● **What the task asks**: Starting at the line that contains "Waterfront Harbor Docks" and ending at the line that contains "Le pneu Nokian", the lines below are to be given again exactly, with nothing added.

● **Task material**:
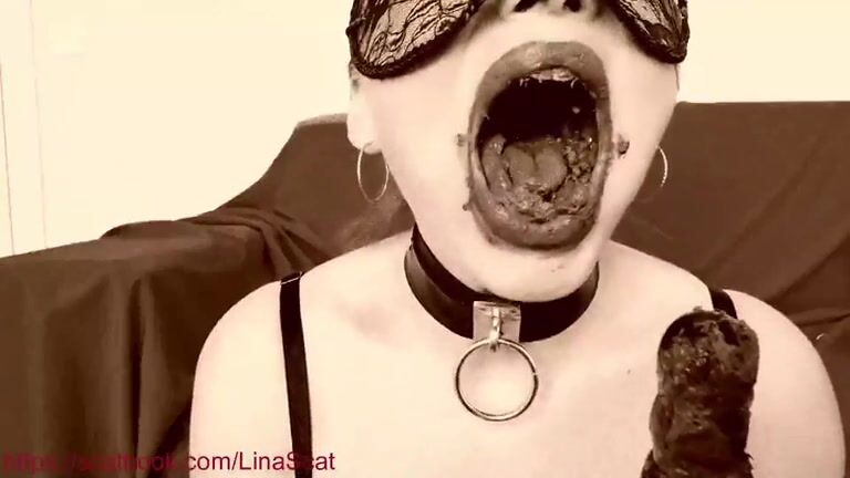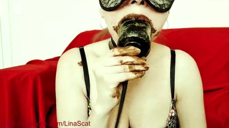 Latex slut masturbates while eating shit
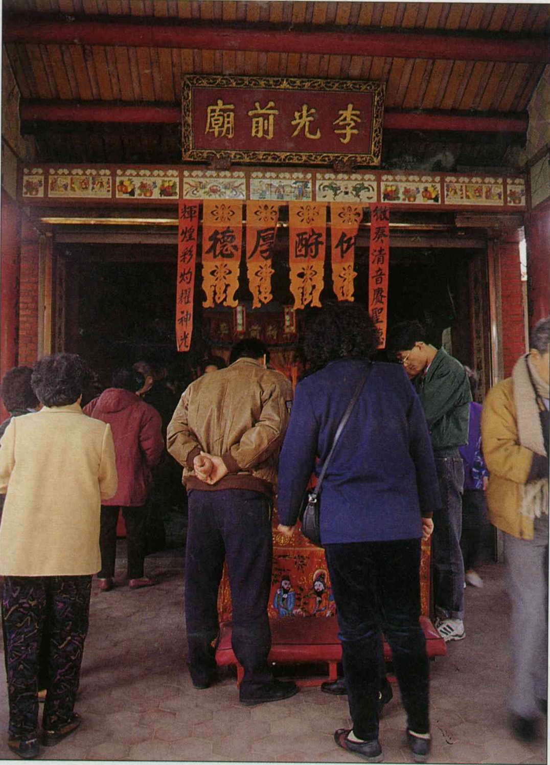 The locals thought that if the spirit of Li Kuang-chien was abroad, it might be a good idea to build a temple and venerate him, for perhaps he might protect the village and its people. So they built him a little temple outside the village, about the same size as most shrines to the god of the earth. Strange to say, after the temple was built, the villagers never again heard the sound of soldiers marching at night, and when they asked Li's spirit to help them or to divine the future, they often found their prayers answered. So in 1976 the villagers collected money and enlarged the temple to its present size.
...
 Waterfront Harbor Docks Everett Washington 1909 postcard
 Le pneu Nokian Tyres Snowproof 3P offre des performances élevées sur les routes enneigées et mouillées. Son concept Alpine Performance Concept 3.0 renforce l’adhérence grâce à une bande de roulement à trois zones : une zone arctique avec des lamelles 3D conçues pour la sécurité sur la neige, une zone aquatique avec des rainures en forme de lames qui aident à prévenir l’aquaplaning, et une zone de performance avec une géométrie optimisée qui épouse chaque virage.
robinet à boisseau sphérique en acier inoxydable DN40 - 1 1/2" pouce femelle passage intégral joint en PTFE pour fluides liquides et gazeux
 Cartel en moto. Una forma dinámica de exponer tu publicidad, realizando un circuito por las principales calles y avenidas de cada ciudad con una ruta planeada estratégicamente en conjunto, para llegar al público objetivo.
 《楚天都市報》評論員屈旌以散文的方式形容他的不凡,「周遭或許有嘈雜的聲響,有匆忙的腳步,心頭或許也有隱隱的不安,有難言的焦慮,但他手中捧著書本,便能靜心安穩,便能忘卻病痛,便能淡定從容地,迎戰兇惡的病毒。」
* * *
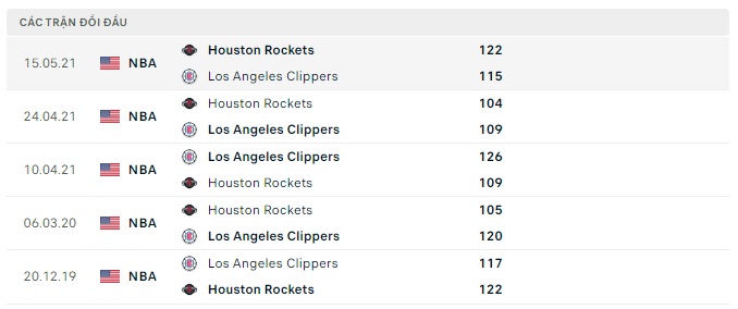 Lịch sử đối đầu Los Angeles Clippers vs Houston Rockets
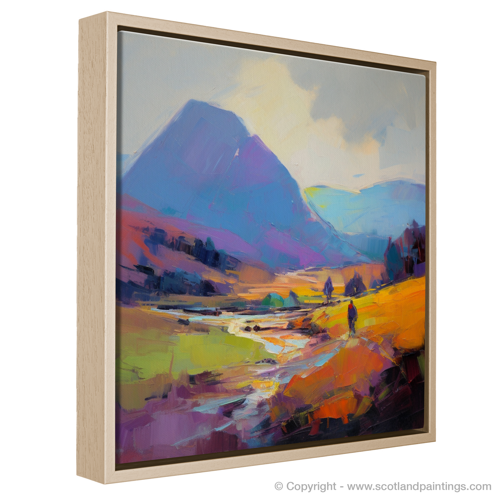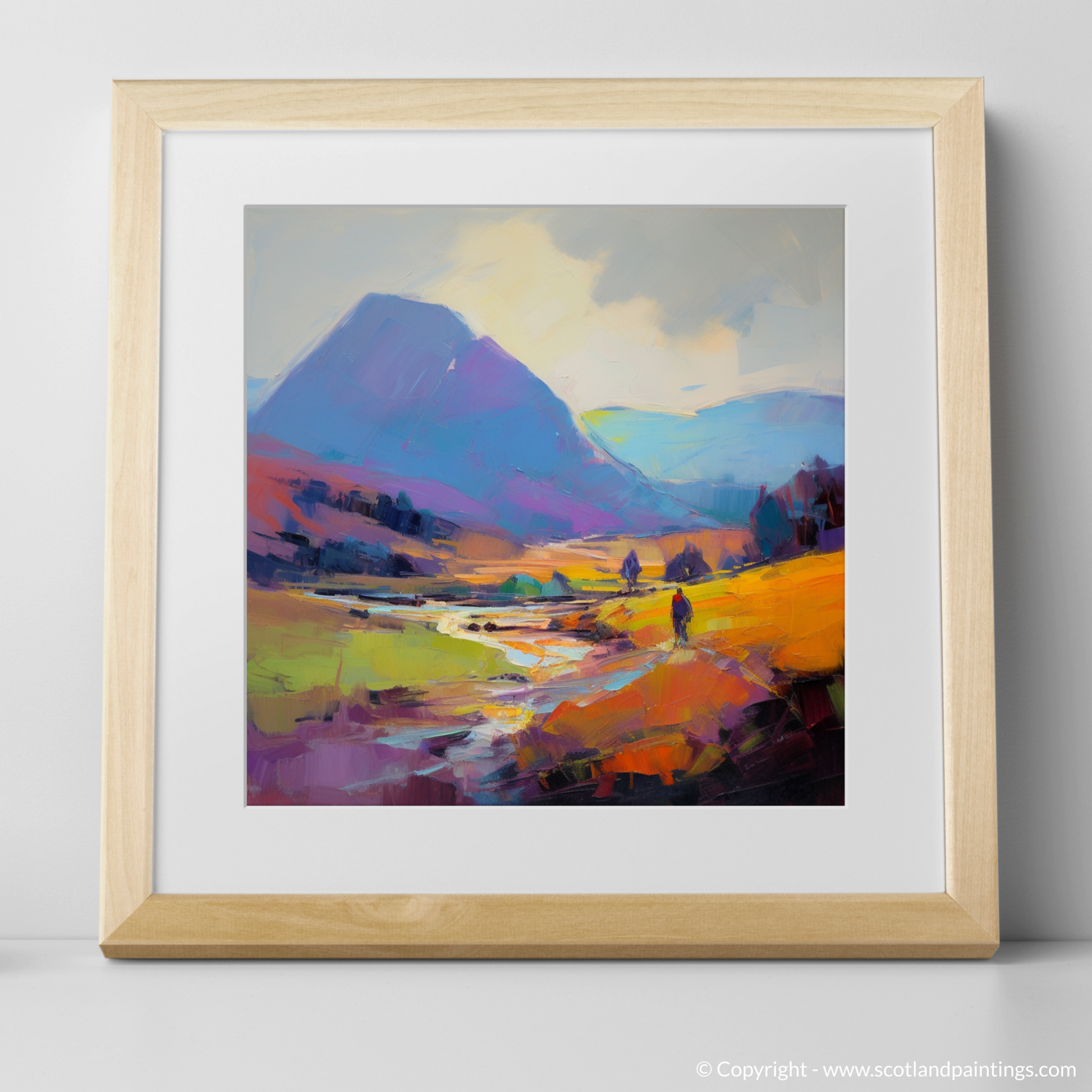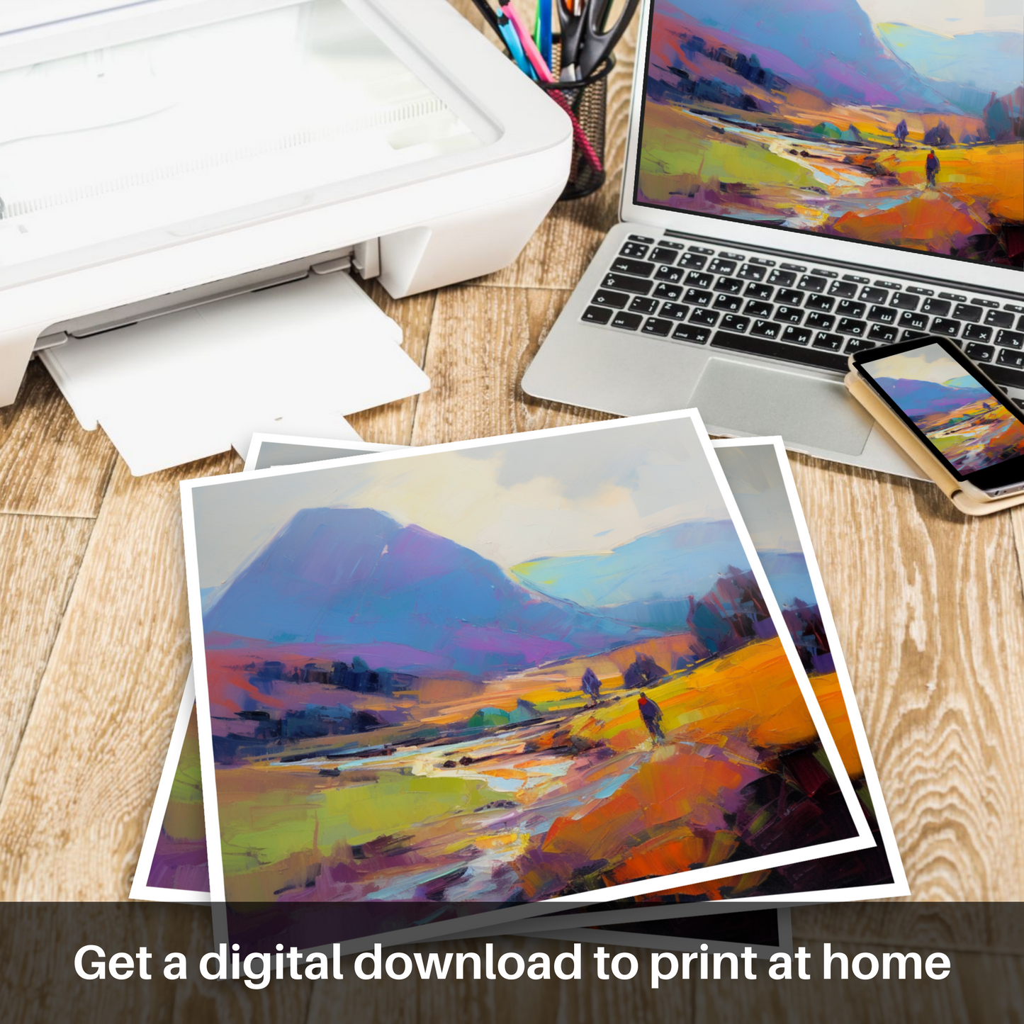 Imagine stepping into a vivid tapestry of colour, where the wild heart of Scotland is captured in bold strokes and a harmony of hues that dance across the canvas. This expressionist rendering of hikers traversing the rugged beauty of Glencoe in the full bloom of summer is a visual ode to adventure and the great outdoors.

● **Output**:
 Waterfront Harbor Docks Everett Washington 1909 postcard
 Le pneu Nokian Tyres Snowproof 3P offre des performances élevées sur les routes enneigées et mouillées. Son concept Alpine Performance Concept 3.0 renforce l’adhérence grâce à une bande de roulement à trois zones : une zone arctique avec des lamelles 3D conçues pour la sécurité sur la neige, une zone aquatique avec des rainures en forme de lames qui aident à prévenir l’aquaplaning, et une zone de performance avec une géométrie optimisée qui épouse chaque virage.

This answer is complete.